Keyboard shortcuts

Press or to navigate between chapters

Press S or / to search in the book

Press ? to show this help

Press Esc to hide this help

Reproducing with FixedCount

The simulation report told you that seed 17429853261 failed. The first step is always the same: reproduce it.

Pinning a Seed

Take your simulation binary and add two things: the failing seed, and a single iteration.

#![allow(unused)]
fn main() {
SimulationBuilder::new()
    .workload(MyWorkload::new())
    .set_iterations(1)
    .set_debug_seeds(vec![17429853261])
    .run()
    .await
}

set_debug_seeds fixes the RNG seed. set_iterations(1) tells the runner to execute exactly one iteration with that seed instead of sweeping through random seeds. Together, they replay the exact execution that failed.

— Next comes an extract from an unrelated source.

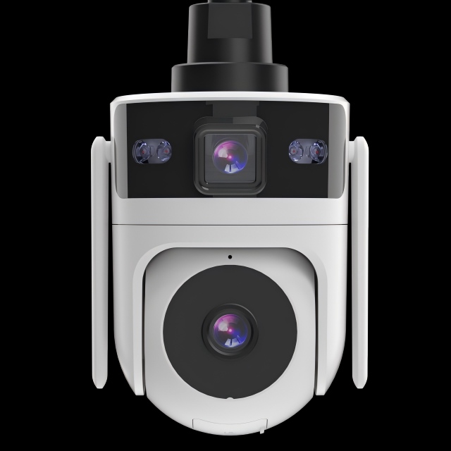 Dual-lens camera system offers wider coverage, improved image clarity, night vision, and intelligent motion detection.

Run it. You should see the same failure, the same panic message, the same assertion violation. Every time.

Turning Up the Logging

By default, simulation runs are quiet. When debugging a specific seed, turn up logging via the RUST_LOG environment variable. Start with ERROR to see assertion violations and failure messages:

RUST_LOG=error cargo xtask sim run my_simulation

For deeper investigation, RUST_LOG=trace shows the full event trace: every event processed, every timer fired, every connection state change. This is the firehose, but with a pinned seed it is a reproducible firehose.

When the Bug Disappears

You pinned the seed, ran it, and the bug is gone. This means one thing: something in your code is non-deterministic.

The simulation engine controls time, networking, and randomness through providers. But if your code bypasses those providers, it introduces real-world non-determinism into the simulated world. Common culprits:

  • Direct tokio calls: tokio::time::sleep() instead of time.sleep(), tokio::spawn() instead of task_provider.spawn_task(). These escape the simulation’s control.
  • System randomness: Using rand::thread_rng() or std::collections::HashMap iteration order instead of the simulation’s RandomProvider.
  • Wall-clock time: Calling std::time::Instant::now() or SystemTime::now() instead of using the simulated clock.
  • External I/O: Reading files, making real network calls, or anything that touches the actual operating system.

If you suspect non-determinism, run the same seed twice with RUST_LOG=trace and diff the output. The first divergence point tells you exactly where determinism broke.

From Reproduction to Investigation

Once you have a reliable reproduction, the next step is understanding what happened. The event trace (covered in the next section) shows you the causal chain: which events fired, in what order, and what state they produced. With a pinned seed, you can also set breakpoints in your IDE and step through the exact execution path that triggers the bug.

The key insight: you are not searching for a bug anymore. You are reading a recording of a bug. That is a fundamentally easier problem.